Wednesday, July 23, 2008

Adventures in Cookie Baking

Recently I have found that I simply cannot stop thinking about chocolate chip cookies.

Perhaps The New York Times is to blame, or perhaps it is homesickness for something quintessentially American and comforting, but once the idea surfaced, I couldn't get rid of it without baking!

Fortunately, Catherine, having lived here for eight months already, had flour, vanilla extract, baking soda, salt, and sugar so all I had to buy were eggs, chocolate chips, and butter.

Except, there are no chocolate chips in Nairobi.

So I channeled my inner Ruth Wakefield and started chopping up chocolate bars.

Catherine’s apartment came furnished, so I poked around and found a mixing bowl, but soon discovered there were no measuring cups of any kind.

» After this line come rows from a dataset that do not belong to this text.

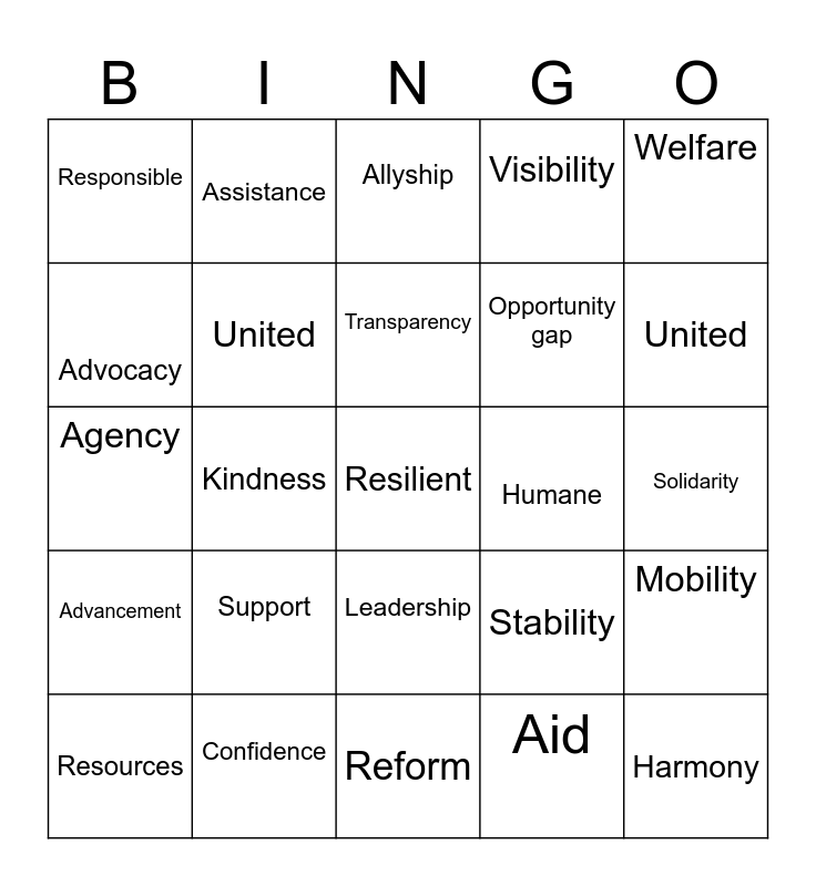This bingo card has a free space and 24 words: Support, Confidence, Transparency, Resources, Welfare, Responsible, Advocacy, Assistance, Humane, Leadership, Opportunity gap, Agency, Stability, Mobility, United, Aid, Solidarity, Allyship, United, Kindness, Harmony, Advancement, Visibility and Reform.
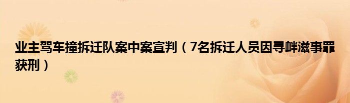 大家好,綜合小編來為大家講解下。業(yè)主駕車撞拆遷隊案中案宣判,7名拆遷人員因?qū)め呑淌伦铽@刑很多人還不知道,現(xiàn)在讓我們一起來看看吧!
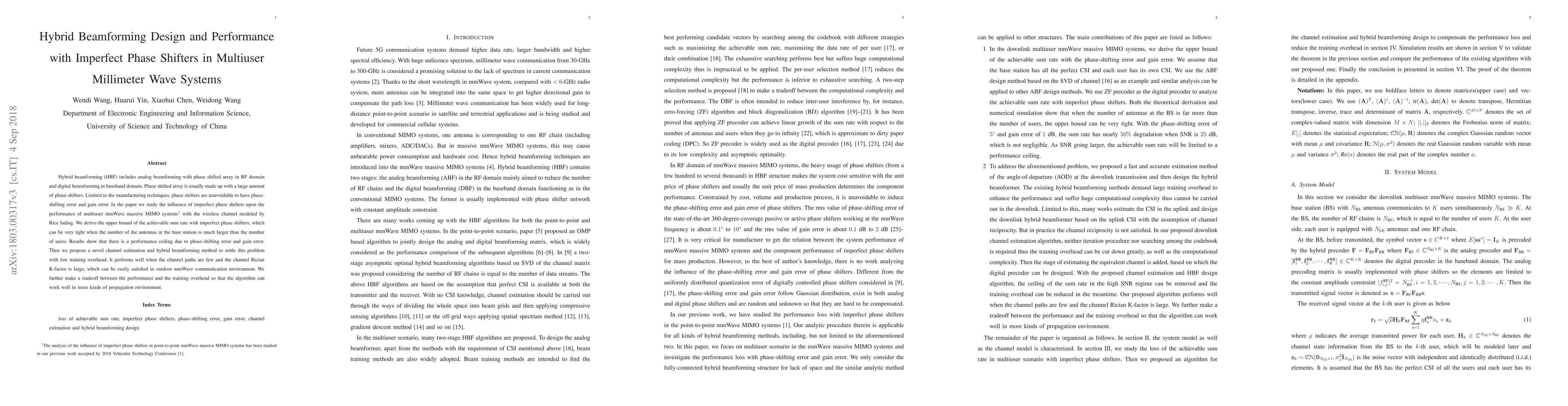 Hybrid beamforming (HBF) includes analog beamforming with phase shifted array in RF domain and digital beamforming in baseband domain. Phase shifted array is usually made up with a large amount of phase shifters. Limited to the manufacturing techniques, phase shifters are unavoidable to have phaseshifting error and gain error. In the paper we study the influence of imperfect phase shifters upon the performance of multiuser mmWave massive MIMO systems1 with the wireless channel modeled by Rice fading. We derive the upper bound of the achievable sum rate with imperfect phase shifters, which can be very tight when the number of the antennas at the base station is much larger than the number of users. Results show that there is a performance ceiling due to phase-shifting error and gain error. Then we propose a novel channel estimation and hybrid beamforming method to settle this problem with low training overhead. It performs well when the channel paths are few and the channel Rician K-factor is large, which can be easily satisfied in outdoor mmWave communication environment. We further make a tradeoff between the performance and the training overhead so that the algorithm can work well in more kinds of propagation environment.

This is problematic as I'm very loyal to Toll House's cookie recipe. Here's the revised recipe:

  • 1.25 cups* flour
  • .5 teaspoon** baking soda
  • .5 teaspoon salt
  • approximately 20-25% of the tub of margarine/butter substitute I bought
  • sugar to a bit below the line in the "working glass"
  • brown sugar to a bit above the line in the "working glass"
  • .5 teaspoon of vanilla extract
  • 1 egg
  • 3 dark chocolate bars

Perfect. Mix all the ingredients more or less according to the Toll House instructions, except instead of electic beaters use a big spoon.


Just leaving baking and eating! Except that our kitchen also seems to lack:
  • cookie sheets (the broiling pan that lives in the oven will do)
  • any sort of calibration for the oven
  • spatula (ornate metal salad tong/grabber thingies might work)


Eventually, after a few batches with burned bottoms or completely undercooked centers, I managed to produce some respectable cookies ... and were a big hit among my friends and colleagues.

Unfortunately, a few days later while moving around in the kitchen I hear a hissing noise. I checked the refrigerator to make sure that the door was firmly shut, poked around the oven, but couldn't find the the source of the sound. I was in a hurry, so left without investigating further.

That night, I could still hear the noise, and upon pulling the stove away from the wall saw that the hose connecting the gas source to the stove was leaking. And it smelled! I wasn't too concerned about safety ... I mean gas dissipates quickly in air, right? And our kitchen window was open ... But I was at least a little concerned, and quite concerned about the wastefulness of the gas leak.

Time to channel my inner MacGyver to fix the gas leak with the materials available in a furnished Kenyan apartment: one band aid from Catherine's 5 year-old first aid kit, two hand sized plastic bags from the green grocer. I thought about gum and duct tape, but a) did not have any, b) was worried about making a mess.

The band aid was a miserable failure (of course), but squeezing all of the air out of the plastic bags, wrapping them tightly around the hose, and then double knotting them worked surprisingly well!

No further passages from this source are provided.